Operation Manual
8 Papier en ander afdrukmateriaal
132 Xerox CopyCentre/WorkCentre 118 Handleiding voor de gebruiker
Lade 5 (handmatige invoer)
In lade 5 (handmatige invoer) kunt u verschillende papierformaten en -soorten
gebruiken. Lade 5 (handmatige invoer) bevindt zich aan de linkerzijde van het
apparaat. Voor grotere papierformaten is een ladeverlenging bijgevoegd. Als papier in
lade 5 (handmatige invoer) is geplaatst, wordt het scherm geopend waarop u het
papierformaat en de soort kunt selecteren. Geef het papierformaat en de papiersoort
op die overeenkomt met het papier dat in de lade is geplaatst. Indien deze niet met
elkaar overeenkomen, moet er opnieuw worden geprogrammeerd. Zie Scherm
[Papierformaat] in het hoofdstuk Kopiëren op pagina 60 voor meer informatie over het
programmeren van lade 5 (handmatige invoer).

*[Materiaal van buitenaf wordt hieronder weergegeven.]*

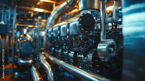 industrial, machinery, engine, component, factory, metal, technology, equipment, mechanic, production, manufacturing, pipe, engineering, workshop, diesel, power, generator, system, facility, closeup, assembly, maintenance, operation, infrastructure, design, tool, automation, part, system, energy, machine, performance, pipeline, work, structure, industry, hydraulic, process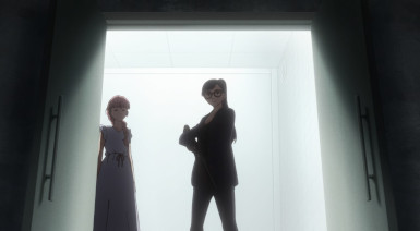 Indeed, last week’s episode was an action spectacular, maybe the best of any show this year. This time we get mostly characters talking to each other – and almost entirely humans (and allied shadows). One of the latter is Mio, who’s had her connection with Haine severed by Ushio, She’s still not quite “right” – her personality seems much more different from her host than Ushio’s for some reason. But it’s important to shadow Mio that she be trusted, and she can sense that she isn’t. She shares some valuable information – the two means of shadow reproduction (and how limited “childbirth” is). The fact that replicated shadows will die in a week if their human is still alive.
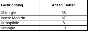Die Einrichtung verfügt über ein Leistungsangebot in den folgenden Fachabteilungen: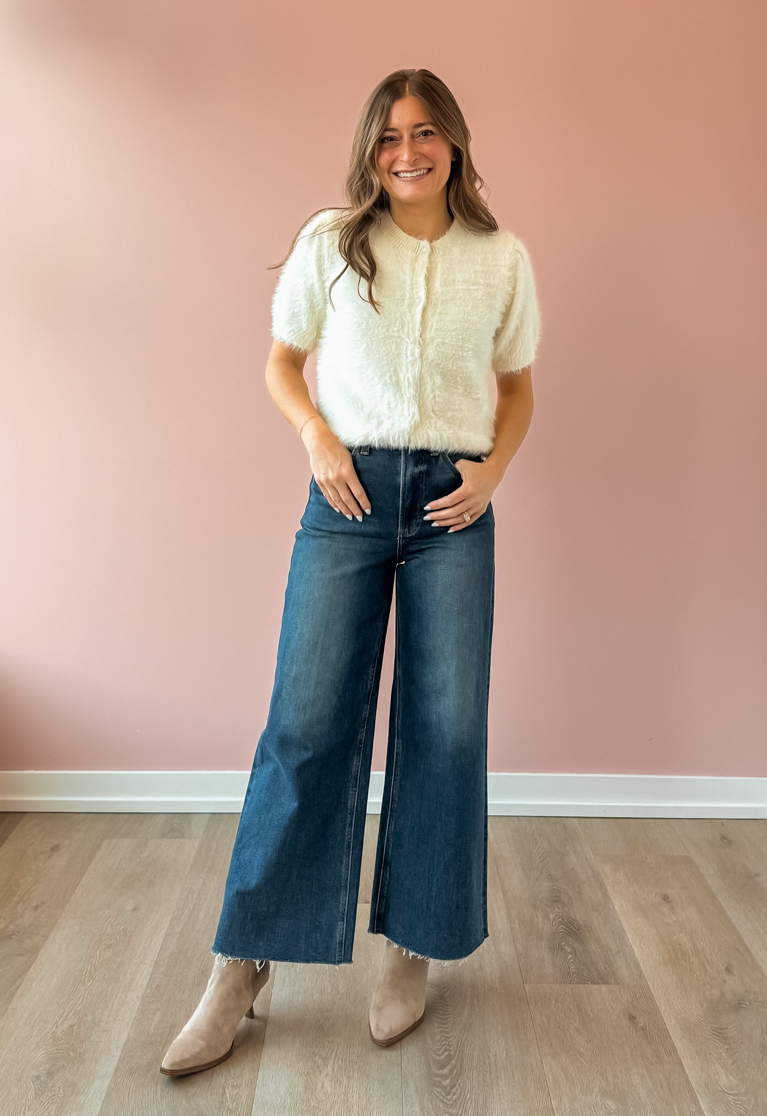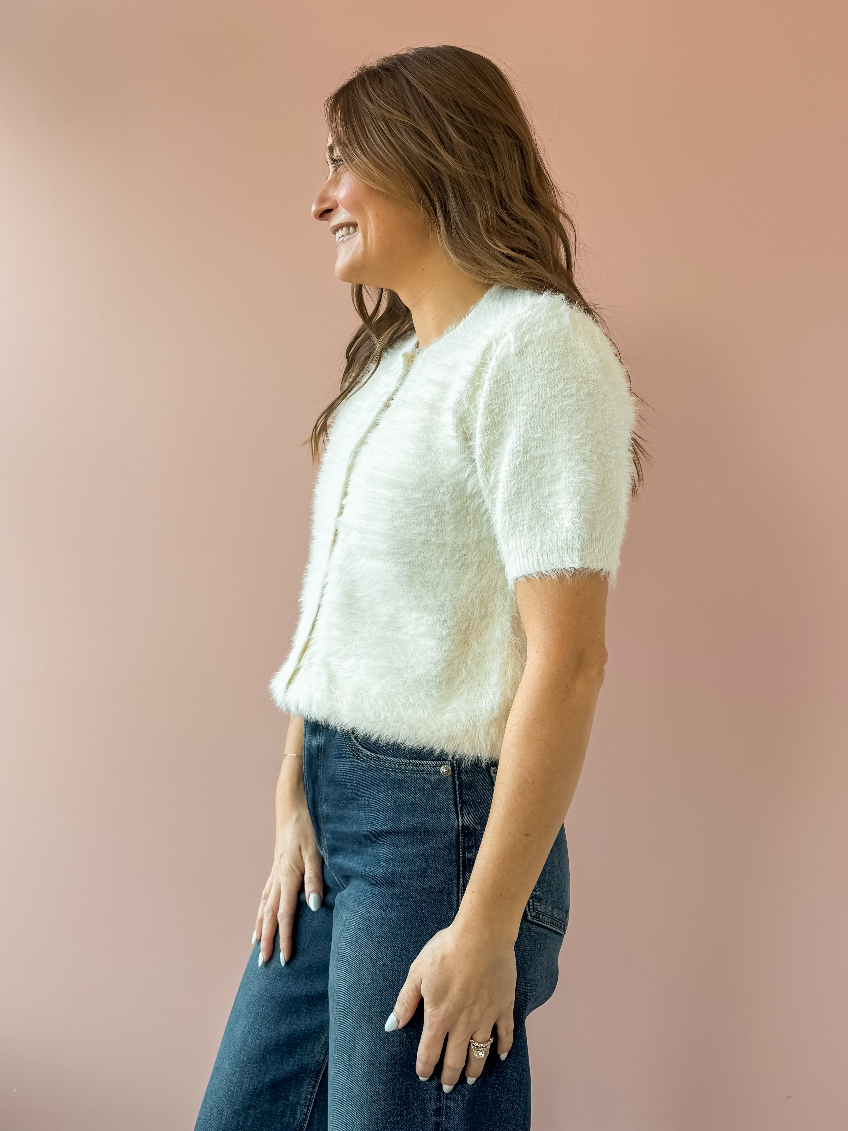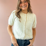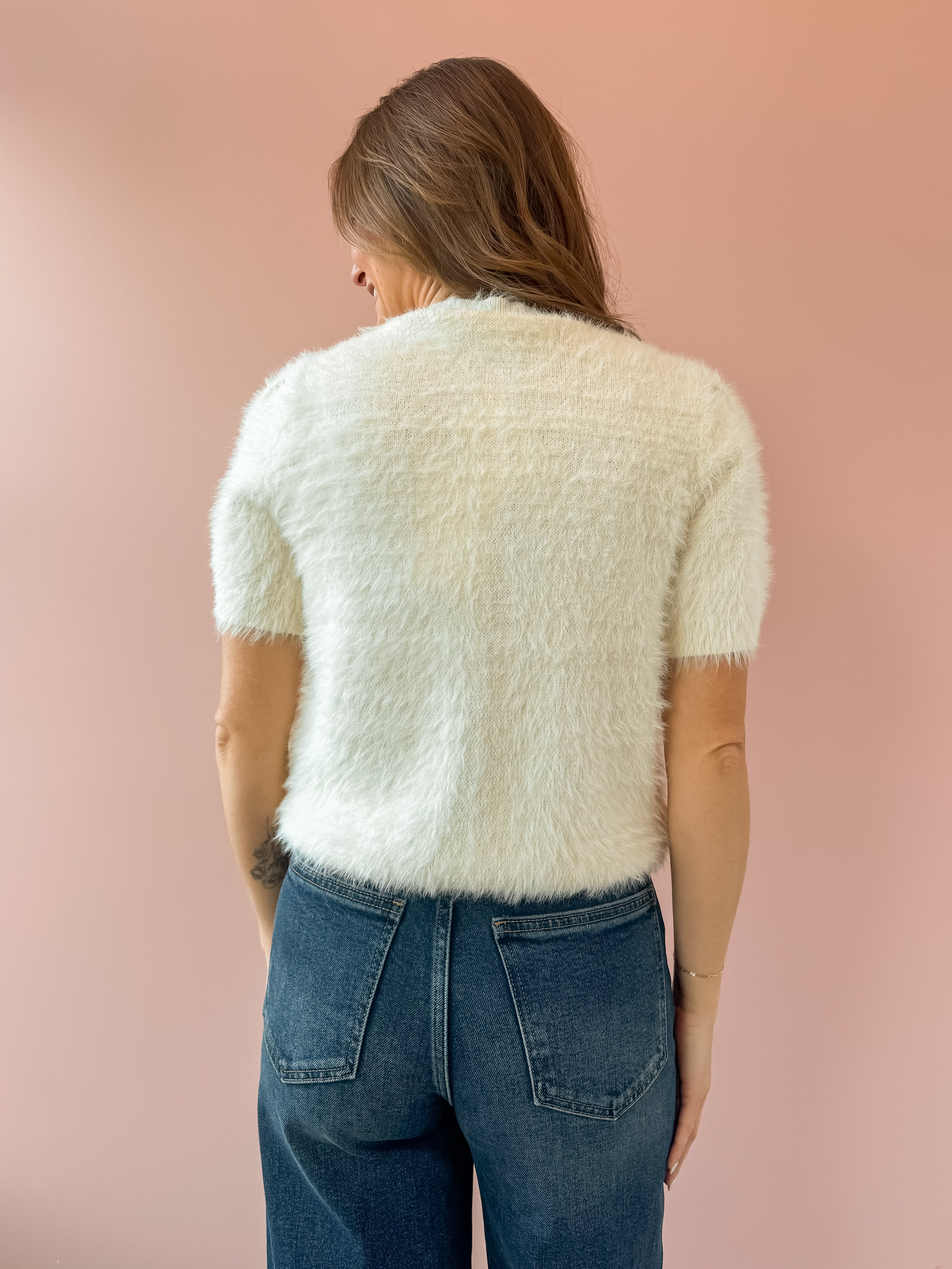 Elevate your wardrobe with the Julie Knit Sweater, a versatile mohair blend piece that transitions effortlessly from day to night. This luxurious short-sleeve sweater features a flattering round neckline and a tailored fit that skims the hem for a polished silhouette. Pair it with a midi skirt and heels for sophisticated elegance, or style it with your favorite denim and booties for relaxed, everyday charm.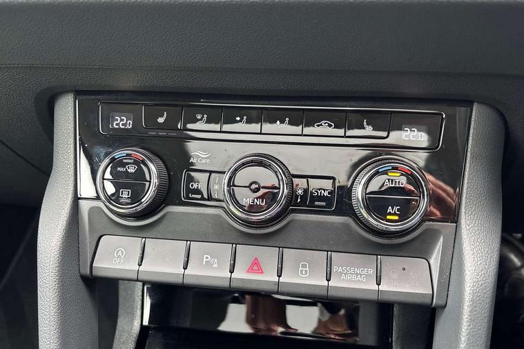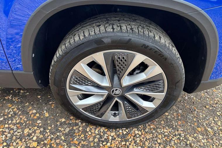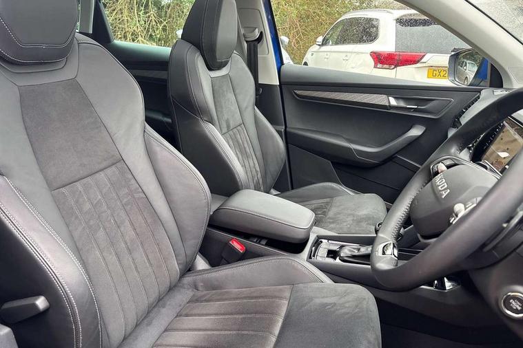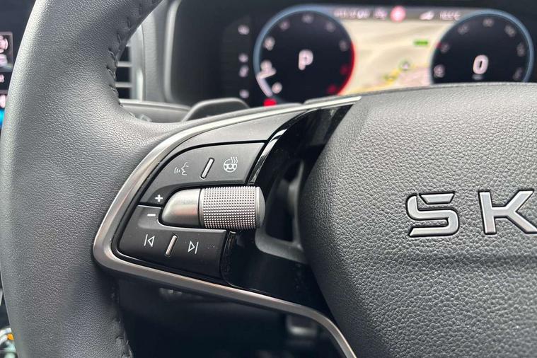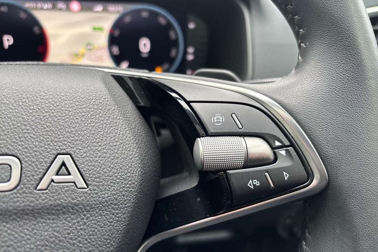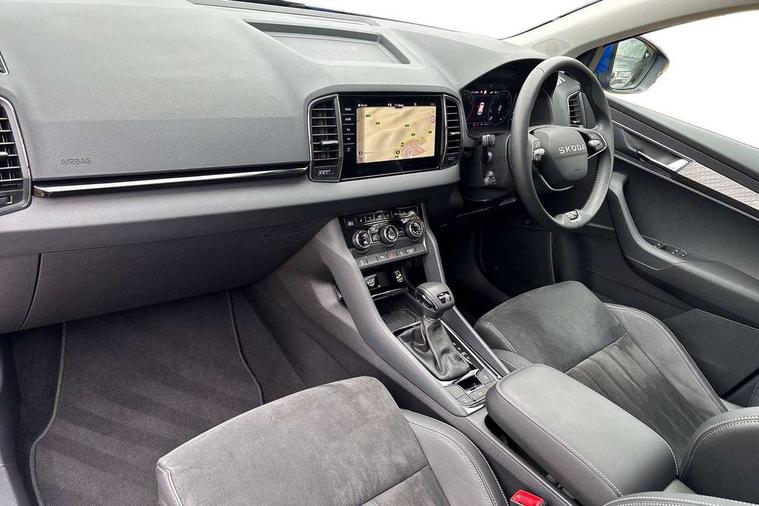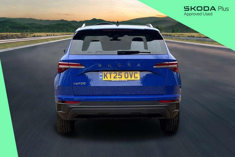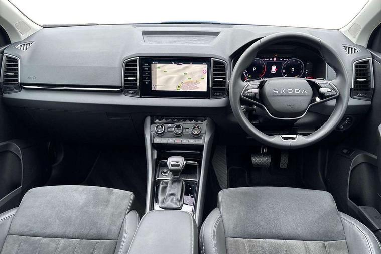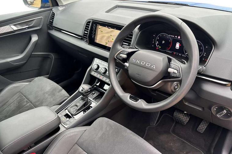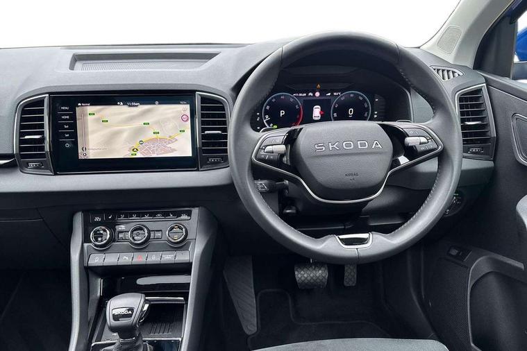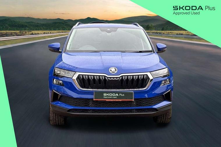Advanced driver attention and drowsiness monitor, Drive Mode Selection including ECO function, Electro-mechanical PAS, Emergency services call system, Outside temperature gauge, Sensor for driver assistance systems, Service interval indicator, SmartLink wireless for Apple and wired for Android, Start/stop system with regenerative braking, Traffic sign recognition, USB C Port x 2 in front centre console, Virtual Cockpit - 10.25" digital display, Virtual pedal with electrically operated boot door, Wireless smartphone charging, DAB radio with Bluetooth, USB connection, Acoustic glass, Aero front windscreen wipers with intermittent function, Auto dimming rear view mirror with light and rain sensors, Black electric window control buttons, Body colour door mirrors and handles, Electric front and rear windows with child proof lock, Extended rear roof spoiler, Heated rear windscreen, LED daytime running lights, LED rear lights with high functionality welcome effect and dynamic indicators, Light assistant (coming/leaving home/tunnel light), Plastic scuff plates in door apertures, Privacy glass, Rear side wing doors, Rear window wiper with washer system and intermittent control, Safety reflectors on front doors, Third brake light, Unique dark chrome design logo on alloy wheels, 1.5 litre bottle holders in driver and front passenger door panels, 12V socket in boot, 12v socket in front centre armrest with storage compartment and rear air vents, 2 spoke leather heated multifunction steering wheel with DSG paddles, 2 x Tablet holder, 3 rear height adjustable headrests, 3 seat bench in 2nd row, 4 foldable roof handles with rear coat hooks, Black floor carpet, Cargo elements in boot, Chrome inner door handles, Decorative door sills with KAROQ badging, Foldable hooks in the boot, Front head restraints, Height adjustable front three point seats belts with tensioners, Height/reach adjust steering wheel, Ice scraper, Illuminated glovebox, Illuminated luggage compartment, Interior noise suppression, Isofix child seat preparation for front passenger seat, Isofix child seat preparation outer rear, Manual lumbar support for front seats, Pearl grey interior ceiling, Pen holder, Pollen filter, Rear boot cover, Rear package tray, Rear reading lights, Rubbish bin door, Safety vest holder, Single front passenger seat, Skoda lettering on steering wheel, Storage box in upper central dashboard closed, Sunvisors with illuminated vanity mirrors, Textile floor mats, Ticket holder, Columbus pack - Karoq, Design Pack - Karoq, Non Smokers pack, Parking pack - Karoq, Automatic door unlocking in case of crash, Automatic fuel cut off in case of crash, Driver airbag, Electronic parking brake with auto hold function, Emergency rear braking signal, ESC (incl. ABS+MSR+ASR+EDS+HBA+DSR+RBS+MKB), Front side airbags, Head airbags, Hill hold control, Knee airbags, Passenger airbag with switch-off function, Pedestrian monitor, Power operated child safety locks, Seatbelt reminder signalisation and pretensioner for all seats, Three point seatbelts rear, Two tone horn, Tyre pressure monitor, Alarm with interior monitoring, back up horn and tilt sensor with safe function, Electronic engine immobiliser, Keyless entry and start/stop, Remote central locking with 2 remote folding keys, Black centre console, Chrome framed air vents, Satin black dashboard, Anti-theft wheel bolts protection, Breakdown and tool kit,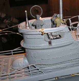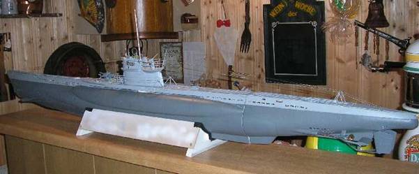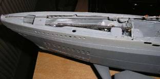 Kurz vor Jahresende kann ich endlich berichten, daß meine U 94 von außen bis auf Lackreparatur und Alterungsschritte komplett fertig ist (endlich…..nach ungefähr 3 Jahren Bauzeit). Für die Alterung liegen schon Eisenreste draußen, müssen aber noch ordentlich rosten - nichts wirkt besser auf einem Modell wie Originalrost. Auch die Besatzungsmitglieder müssen noch bemalt werden.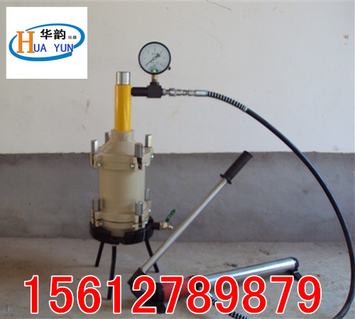 1、打開上蓋,將需要測試的砼拌合物裝入試料筒內(nèi),用搗棒由外圍向中心插搗25次,加上活塞,并將活塞的出氣孔螺絲擰下,壓下活塞至剛接觸混凝土表面,擰緊出氣孔螺絲,蓋好上蓋扳緊螺母,接好手動泵與千斤頂?shù)目焖俳宇^(詳見結(jié)構(gòu)簡圖)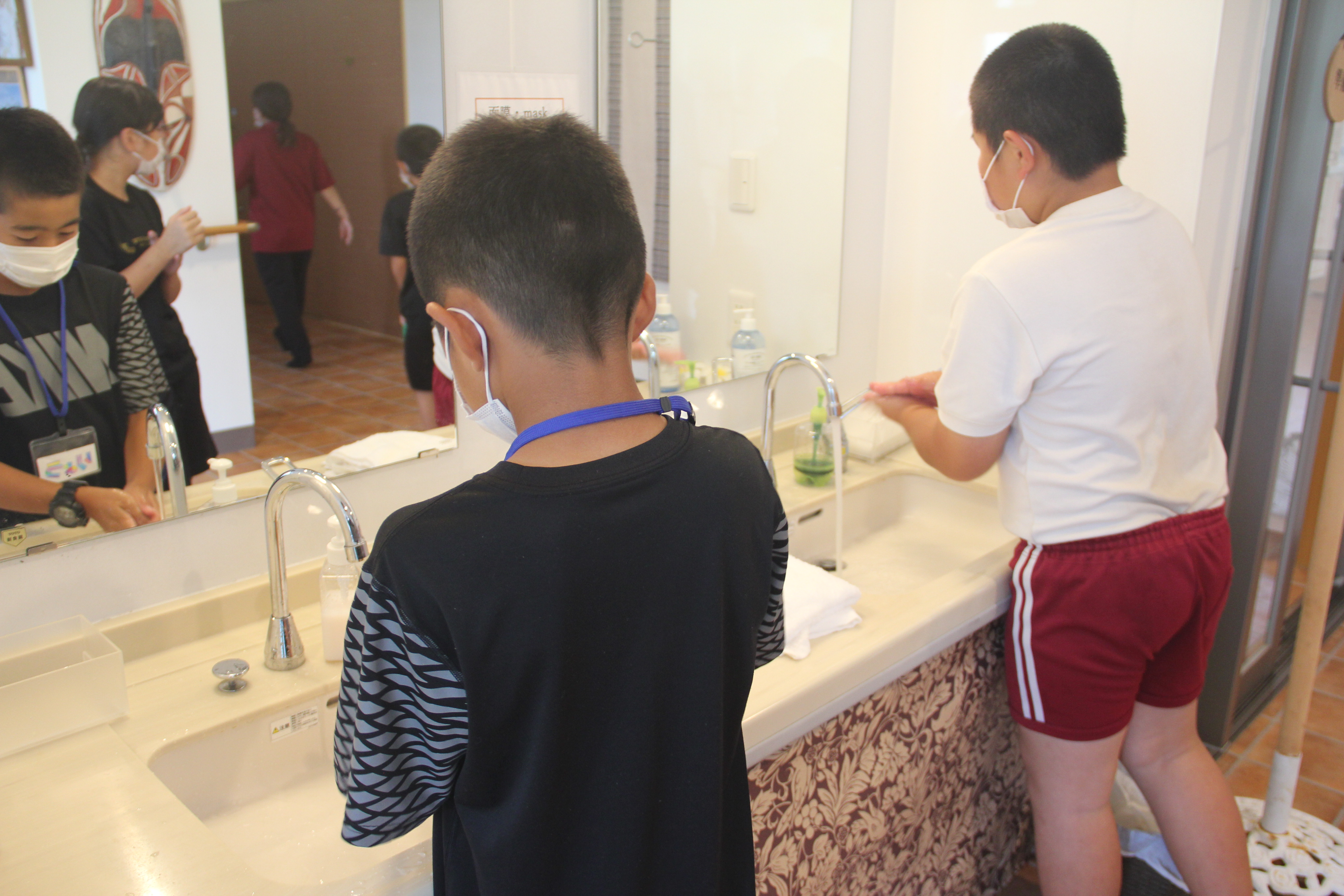 沖縄離島体験交流促進事業、宿泊先ではマスクはもちろん手洗いも徹底しています。

OPMERKING: Voorkom onnodige fuser- en papierstoringen door het
geprogrammeerde papierformaat en de papiersoort af te stemmen op het geplaatste
afdrukmateriaal.
1. Plaats het papier netjes in lade 5
(handmatige invoer) en controleer of de
papierstapel in het midden van de lade
ligt met de afdrukzijde naar beneden. In
lade 5 (handmatige invoer) kan een
stapel van 10 mm worden geplaatst.
OPMERKING: Maak de papierstapel niet
hoger dan de maximumvullijn.
OPMERKING: Plaats bij het enkelzijdig/
tweezijdig kopiëren op geperforeerd papier het papier zodanig dat de niet-
geperforeerde zijde van het papier het eerst wordt ingevoerd. Als u het papier zodanig
zou plaatsen dat de geperforeerde zijde het eerst wordt ingevoerd, kan dit een
papierstoring veroorzaken.
OPMERKING: Wanneer u kopieën of
afdrukken maakt op dik papier en het papier
niet in het apparaat wordt gevoerd, maakt u
een krulling in de invoerrand van het papier,
zoals aangegeven in de afbeelding rechts.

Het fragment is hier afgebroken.